= Bolivian prosecutorial extortion ring =

A cluster of officials in the Bolivian Ministries of Government and the Presidency and prosecutor's offices are alleged to have constituted an extortion ring that demanded cash from individuals facing prosecution, including American investor Jacob Ostreicher. The ring has been the subject of official investigation since November 2012. Its central figures are allegedly Fernando Rivera Tardío and Dennis Efraín Rodas, both lawyers for the Bolivian Minister of Government; Boris Villegas Rocabado, former Director of the Interior Regime another division of the Ministry of Government; and Jose Manuel Antezana Pinaya, an official in the Ministry of the Presidency. Members of the network approached indicted, and usually imprisoned persons, offering to resolve their cases in exchange for payments from $5,000 to $100,000. The Associated Press has described the affair as "the biggest scandal to face the country's judicial system." As of 5 December 2012, the Ministry of Government reported that it had nine proven denunciations of corruption against the ring. By December 26, at least thirty denunciations had been received.

Twelve people including prosecutors, government officials, and the judge who originally had Jacob Ostreicher imprisoned have been arrested in what authorities say was an extortion ring.

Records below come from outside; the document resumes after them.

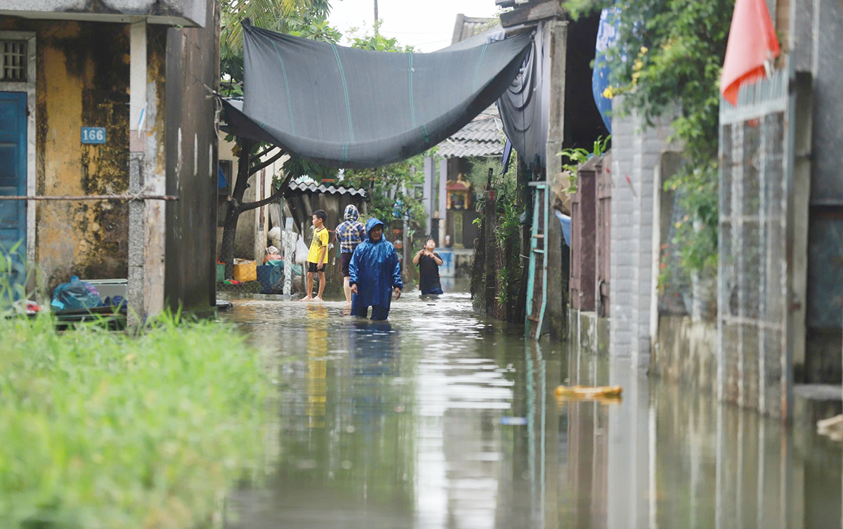 Mưa hai ngày qua khiến nhiều tuyến đường liên thôn, liên xã ở TP Huế, Quảng Trị ngập 0,3-1,1 m, một số khu dân cư tạm thời bị chia cắt.
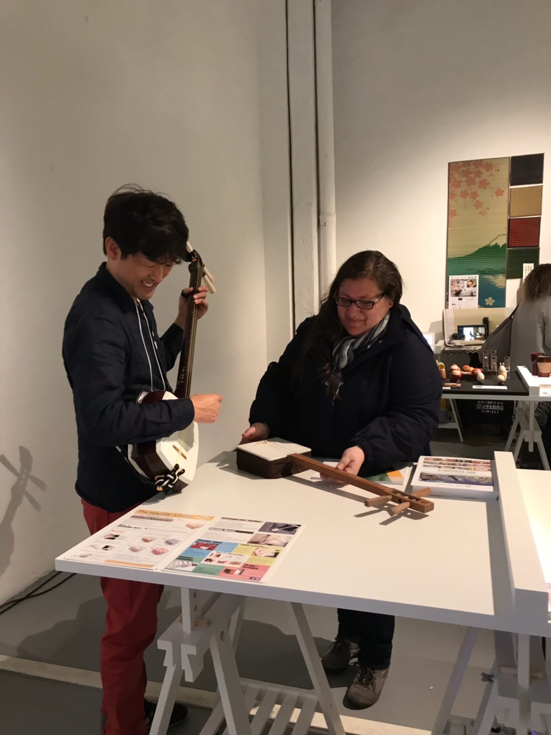 そこへ訪れたミラネーゼと一緒に、三味線プレイを楽しみました。このイベントのために、(いつもSHABOを作ってくれる)
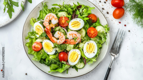 a salad with lettuce, cauliflower, shrimp, tomatoes and hard-boiled eggs presented on a pretty dish on a modern table

- Gustavo Dagner Cespedes Rosales Arrested on 11/27/2012 – Minister of Government’s Representative in Santa Cruz.
- Fernando Rivera Tardio - Arrested on 11/28/2012 – One of the ringleaders of “The Red” - Attended most of Jacob’ Ostreicher's hearings and threatened judges openly with arrest if they were to release Jacob. Fernando Rivera was the judicial counsel for the Minister of Government.
- Denis Efrain Rodas Limachi – Arrested 11/29/2012 – worked with Fernando Rivera Tardio.
- Jose Manuel Antezana Pinaya – Arrested on 11/26/2012 – worked in the office of the “Ministry of Presidency”.
- Roberto Isabelino Gomez Cervero : Arrested 12/3/2012 – Former District Attorney of Santa Cruz Bolivia.
- Miguel Alberto Gutierrez Soliz : Arrested 12/3/2012 – Lawyer for DIRCABI (Gov’t Division in charge of confiscated goods).
- Mosies Aguilera Lopez : Arrested 12/11/2012 – Administrator of DIRCABI (Gov’t Division in charge of confiscated goods).
- Janet Velarde Luna : Arrested on 12/8/2012 – Lead Prosecutor in Jacob’s case (until a few months ago. She requested a transfer to another division).
- Roberto Acha Arandia : Arrested on 12/20/2012 – Prosecutor in tandem with Janet Velarde Luna (was removed several months ago after a DUI).
- Cori Balcaza De Acha : Arrested on 12/20/2012 – Wife of Roberto Acha implicated in extortion.
- Boris Villegas Rocabado : Arrested 12/11/12 – Head of Internal Affairs.
- Ramiro Ordonez Lopez – Arrested.
- Franklin Pedraza Suarez – Under House Arrest – Employee of DIRCABI.
- Ariel Rocha – Arrest warrant issued 12/19/2012 Fled the country.